- _The problem_
Give again the line that contains "مسيرة : فريق", plus every line after it to the end of the records, unchanged.

- _Task input_
━━━━━━━━━━

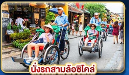
นั่งรถสามล้อซิโค่
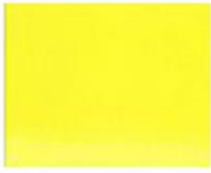
112 ■ ★★★★★ Oxide Yellow P.Y.184 M
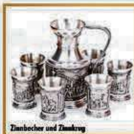
Zinnbecher und Zinnkrug
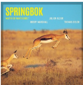
EP "SPRINGBOK" (1er Octobre 2021)
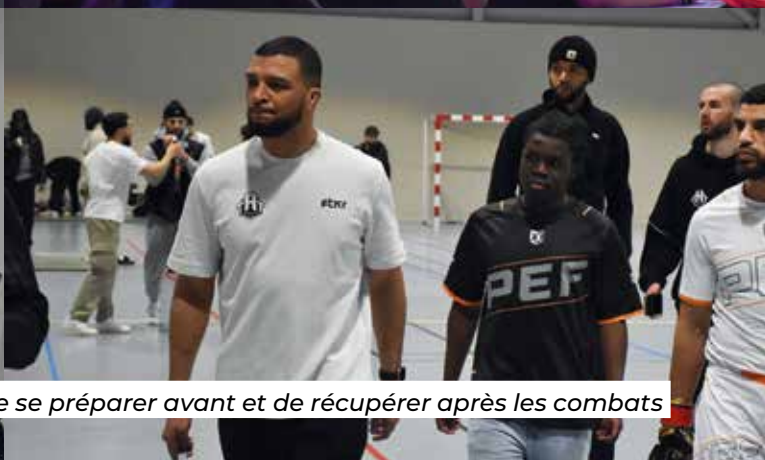
La salle Leplat a permis aux combattants de se préparer avant et de récupérer après les combats
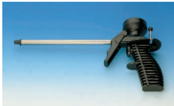
Пистолет для пены Ultra
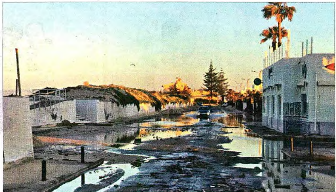
Na praia de Faro os galgamentos de água poderão alcançar toda a península, afetando todas as habitações

A solução proposta passa pela alimentação artificial da praia, numa primeira fase, e depois, a partir 2040, deverá ser necessário “retirar e relocalizar a pri-
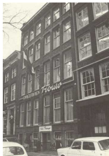
Het pand aan de Postzegelmarkt waar de Trouw-redactie van 1965 tot 1976 was gehuisvest.
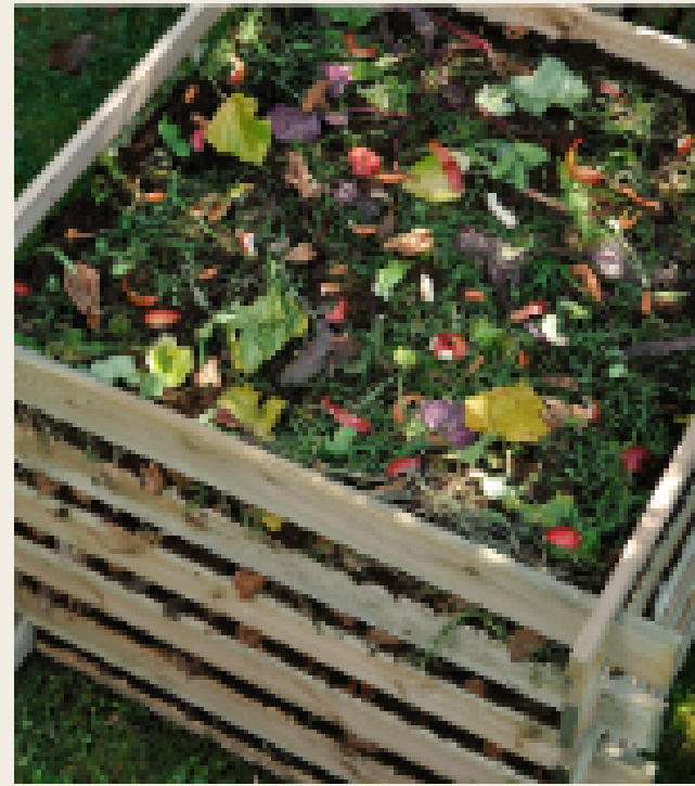
Cerco de madera
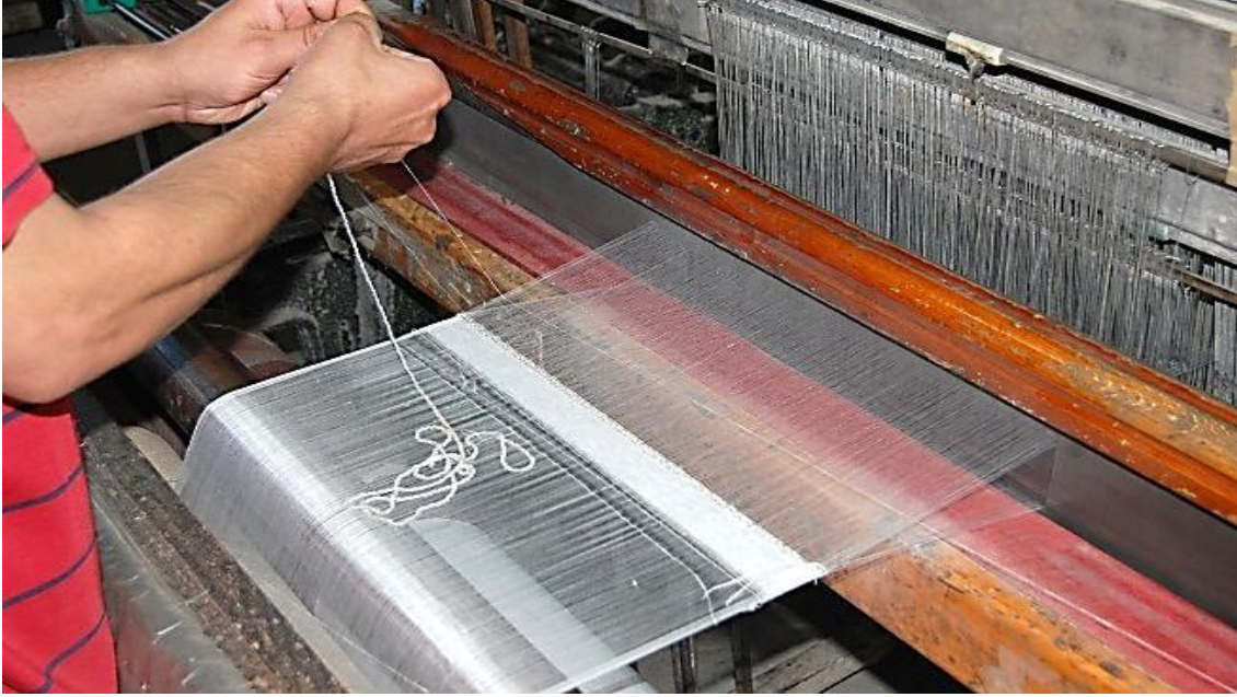
Şekil 0-1 Boncuklu Ödemiş İpeği'nin kara tezgahta dokunması
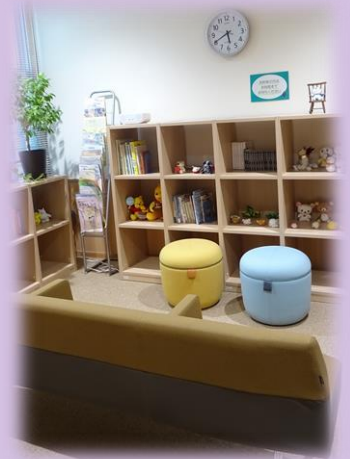
(写真)教育相談待合室
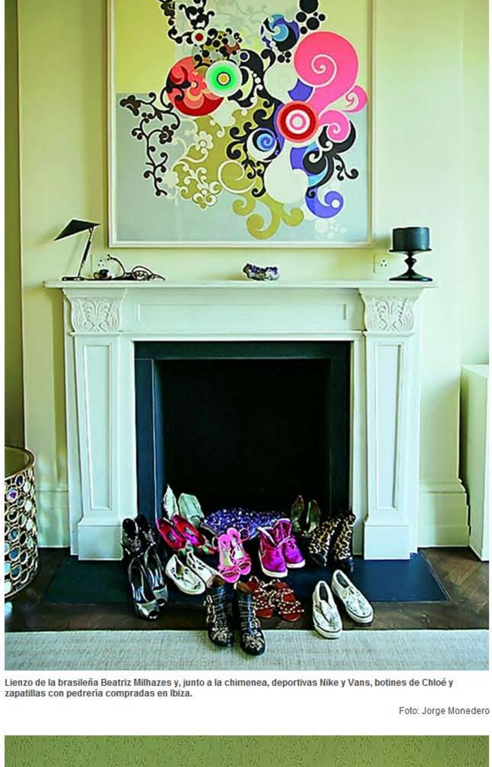
Lienzo de la brasileña Beatriz Milhazes y, junto a la chimenea, deportivas Nike y Vans, botines de Chloé y zapatillas con pedrería compradas en Ibiza.

La villa en el pueblo ibicenco de Jesús le sirve de refugio para desconectar de la vorágine londinense. «Ibiza en invierno es maravillosa; en verano no piso un restaurante: como en casa, voy de compras al pueblo y me baño con mis amigos en las rocas de Sa Punta».
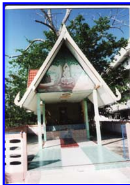
ศาลเจ้าพ่อบุญจันทร์ ในปัจจุบัน

เป็นยุคแห่งการเปลี่ยนแปลง พัฒนาทุกสิ่งทุกอย่างไม่ว่าจะเป็นเรื่องการมีส่วนร่วมของคน ในชุมชน ตลอดจนสิ่งก่อสร้างต่าง ๆ ภายในโรงเรียนมีการพัฒนาขึ้นมา รูปร่างของศาลได้มีการ การสร้างใหม่ประมาณปี พ.ศ. 2529 109 มีรูปทรงจัตุรมุขหลังคาด้วยกระเบื้อง ด้านหน้าเป็น รูปทรงสามเหลี่ยมผนังก่ออิฐฉาบปูน มีบริเวณประกอบพิธีกรรม มีประตูด้านหน้าข้างในศาล มีภาพวาดของเจ้าพ่อบุญจันทร์ตามนิมิต สิ่งของต่าง ๆ ที่มีผู้ถวาย มีถนนคอนกรีตเข้าไปยัง บริเวณศาลทำให้สะดวกต่อการเข้าไปประกอบพิธีกรรม บริเวณศาลเจ้าพ่อบุญจันทร์เป็นเขต ต้องห้าม มิให้นักเรียนมาเล่นส่งเสียงดังต้องมีความยำเกรงไม่กล้าบุกรุกเข้าไป เพราะถือว่าเป็น สถานที่อันศักดิ์สิทธิ์
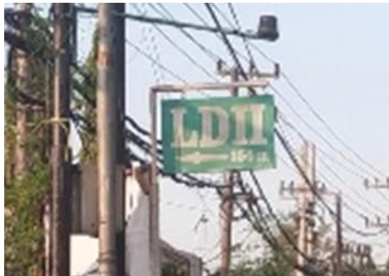
Gambar 3. Representasi dari Objek LDII yang Eksklusifitas dan Diferensitas

Hal yang umum dan ditemukan mengenai konsep LDII adalah memiliki suatu plang atau papan nama khusus seperti LDII 100 Meter yang diyakini memiliki makna. Plang atau papan nama biasanya dimanfaatkan untuk memberikan suatu petunjuk mengenai suatu lokasi atau tempat. Plang merupakan suatu tanda yang hadir dengan tiang sebagai penyangga untuk menunjukkan suatu lokasi tertentu, sehingga dapat memberikan kemudahan pada khalayak umum (Nurhadi et al, 2020; Haryadi et al, 2022). Tendensi LDII dengan menciptakan perbedaan melalui tanda-tanda yang hanya diketahui umatnya bukan suatu masalah karena sejalan dengan Peirce bahwa manusia berpikir melalui tanda (Sartini, 2007). Sehingga mencegah tanda hadir sama seperti mencegah mereka untuk berpikir. Namun, LDII adalah organisasi masyarakat Islam yang artinya aktivitas keagamaan yang dilakukan berdampingan dengan sosial. Plang mengenai lokasi yang ditempatkan pada gang-gang akan menghadirkan suatu pertanyaan mendasar terhadap LDII yakni apakah sudah hadirnya tanda tersebut.
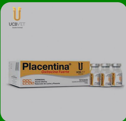
PLACENTINA OXITOCINA FUERTE

Dosis: Fines obstétricos: Vacas y yeguas 7.5 a 10 m; cerdas, ovejas y perras de 3 a 5 ml. Para descenso de leche: Vacas y yeguas 1-2ml, cerdas y ovejas de 0.5-1 ml., perras máximo 0.03 ml. Administración: vía intramuscular o subcutánea. Presentación: 10 ml
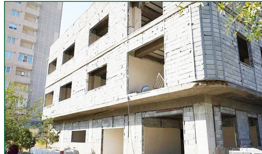
طرح نو؛ گروه شهری

شهردار منطقه ۲ از احداث دو فرهنگسرای فراموز و شمس آباد توسط این منطقه خبر داد.
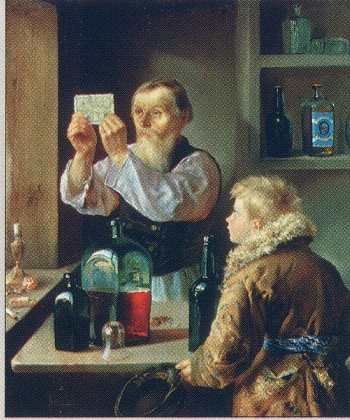
А. Гранковский. Деревенский кулак. 1879 г. Воронежский музей.

А. Б. Чубайс , первый заместитель Председателя Правительства РФ, министр финансов РФ
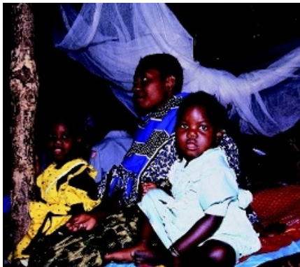
Tanzaniska barn på ett bysjukhus.
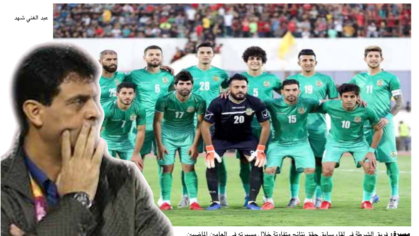
مسيرة : فريق الشرطة في لقاء سابق حقق نتائج متفاوتة خلال مسيرته في العامين الماضيين

التي شكلت حافزاً مضافاً للفريق في ان يستمر التحضير للموسم الحالي بعدما حافظ على قوته، وشكل الحصول على اللقب دافعاً للإدارة في البحث عما يدعم صفوف الفريق بعد اكثر عندما ذهبت الإدارة الى دعم صفوف الفريق في اعداد لاعبين آخرين امام تحقيق مطالب الدفاع عن اللقب الذي استقله مرتين بعدما تغلب بصعوبة على الحدود بهدفين لواحد قبل ان يتلقى خسارة الزوراء في ثاني مباريات الموسم وفي بداية مرتبة زادت عنها نتيجة التعادل مع نقاط ميسان بهدفين قبل توقف الشعبية لكنه بقي امام بطولتين مهمتين حيث بطولة الملك محمد السادس التي استهلها نهاية اب الماضي في مواجهة الكويت الكويتي وخسرهما بهدف ثلاثة قبل ان يحسم الامور وينتقل للدور الثاني عندما تمكن من هزيمة نفس الفريق في ملعب كربلاء بهدفين دون مقابل وانتقل للدور السادس عشر وتمكن من الفوز على نواديو بهدف دون رد ثم كسر الفوز مرة اخرى بالنتيجة الهزيمة اياماً خمسة اهداف دون رد لينتقل لأحد انوار البطولة المهمة حيث دور الخاتمة الخيب كثيرا وفي وضع غير متوقع بعد خمس من الشباب السعودي بسعة اهداف دون رد في نتيجة تتبقي مؤلدة في دورين قبل ان يفشل في محو آثارها بعدما خسر لقاء الارباب بهدف لتتقيد الجروح بعد ان كان ترك الفريق السياق الملكي مع انه لم يواجه فريقاً قويا صحیح يمتلك لاعبين محترفين لكن إدارة الفريق فشلت في اختيار لاعب المباراة الذي ظهر مبتلا وفي اجواء باردة جدا جرت المباراة ومن دون جمهور وفي تفاصيل فشلت الإدارة مرة أخرى في تدارك الامور ليخرج الفريق مغتلا من حيث التكتيكية والسمة والخروج الخذل لبطول الدوري المحلي بعد موسم يشار له باهتمام دوري ابطال اسيا

━━━━━━━━━━

- _Written solution_
مسيرة : فريق الشرطة في لقاء سابق حقق نتائج متفاوتة خلال مسيرته في العامين الماضيين

التي شكلت حافزاً مضافاً للفريق في ان يستمر التحضير للموسم الحالي بعدما حافظ على قوته، وشكل الحصول على اللقب دافعاً للإدارة في البحث عما يدعم صفوف الفريق بعد اكثر عندما ذهبت الإدارة الى دعم صفوف الفريق في اعداد لاعبين آخرين امام تحقيق مطالب الدفاع عن اللقب الذي استقله مرتين بعدما تغلب بصعوبة على الحدود بهدفين لواحد قبل ان يتلقى خسارة الزوراء في ثاني مباريات الموسم وفي بداية مرتبة زادت عنها نتيجة التعادل مع نقاط ميسان بهدفين قبل توقف الشعبية لكنه بقي امام بطولتين مهمتين حيث بطولة الملك محمد السادس التي استهلها نهاية اب الماضي في مواجهة الكويت الكويتي وخسرهما بهدف ثلاثة قبل ان يحسم الامور وينتقل للدور الثاني عندما تمكن من هزيمة نفس الفريق في ملعب كربلاء بهدفين دون مقابل وانتقل للدور السادس عشر وتمكن من الفوز على نواديو بهدف دون رد ثم كسر الفوز مرة اخرى بالنتيجة الهزيمة اياماً خمسة اهداف دون رد لينتقل لأحد انوار البطولة المهمة حيث دور الخاتمة الخيب كثيرا وفي وضع غير متوقع بعد خمس من الشباب السعودي بسعة اهداف دون رد في نتيجة تتبقي مؤلدة في دورين قبل ان يفشل في محو آثارها بعدما خسر لقاء الارباب بهدف لتتقيد الجروح بعد ان كان ترك الفريق السياق الملكي مع انه لم يواجه فريقاً قويا صحیح يمتلك لاعبين محترفين لكن إدارة الفريق فشلت في اختيار لاعب المباراة الذي ظهر مبتلا وفي اجواء باردة جدا جرت المباراة ومن دون جمهور وفي تفاصيل فشلت الإدارة مرة أخرى في تدارك الامور ليخرج الفريق مغتلا من حيث التكتيكية والسمة والخروج الخذل لبطول الدوري المحلي بعد موسم يشار له باهتمام دوري ابطال اسيا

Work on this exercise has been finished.